Goal of the exercise. Among the lines of the listing below, retype exactly those from the one containing "秋冬季新款韩系简约宽松休闲长款翻领双面呢大衣东大门羊毛外套女" through the one containing "Сенсор подсветки автоматически", both included. Do not include pictures.

Records.
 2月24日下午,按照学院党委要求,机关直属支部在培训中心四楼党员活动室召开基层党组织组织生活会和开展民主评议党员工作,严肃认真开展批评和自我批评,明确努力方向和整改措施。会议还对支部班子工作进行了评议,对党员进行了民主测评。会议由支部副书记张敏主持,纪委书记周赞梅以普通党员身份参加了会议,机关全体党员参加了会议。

* * *

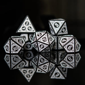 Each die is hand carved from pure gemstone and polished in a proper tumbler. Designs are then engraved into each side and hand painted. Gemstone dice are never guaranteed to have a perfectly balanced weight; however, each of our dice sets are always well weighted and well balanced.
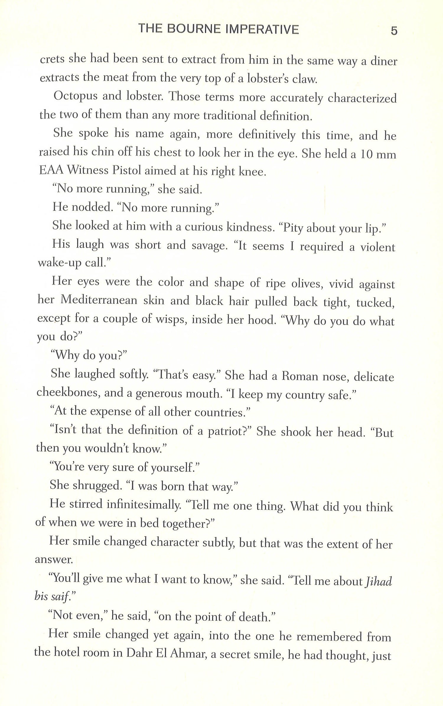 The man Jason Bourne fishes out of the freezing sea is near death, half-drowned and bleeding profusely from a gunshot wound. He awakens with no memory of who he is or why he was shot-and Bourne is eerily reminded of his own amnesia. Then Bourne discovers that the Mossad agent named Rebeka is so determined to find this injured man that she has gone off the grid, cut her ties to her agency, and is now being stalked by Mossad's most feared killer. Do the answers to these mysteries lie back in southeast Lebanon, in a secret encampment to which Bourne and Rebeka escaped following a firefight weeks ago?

* * *

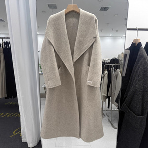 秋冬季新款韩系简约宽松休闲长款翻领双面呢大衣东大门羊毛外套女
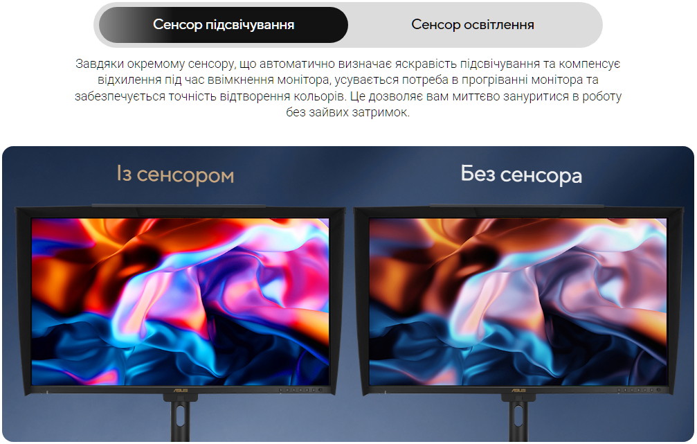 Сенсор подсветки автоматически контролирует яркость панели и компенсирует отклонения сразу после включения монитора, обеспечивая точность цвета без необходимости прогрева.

Exercise solution.
 秋冬季新款韩系简约宽松休闲长款翻领双面呢大衣东大门羊毛外套女
 Сенсор подсветки автоматически контролирует яркость панели и компенсирует отклонения сразу после включения монитора, обеспечивая точность цвета без необходимости прогрева.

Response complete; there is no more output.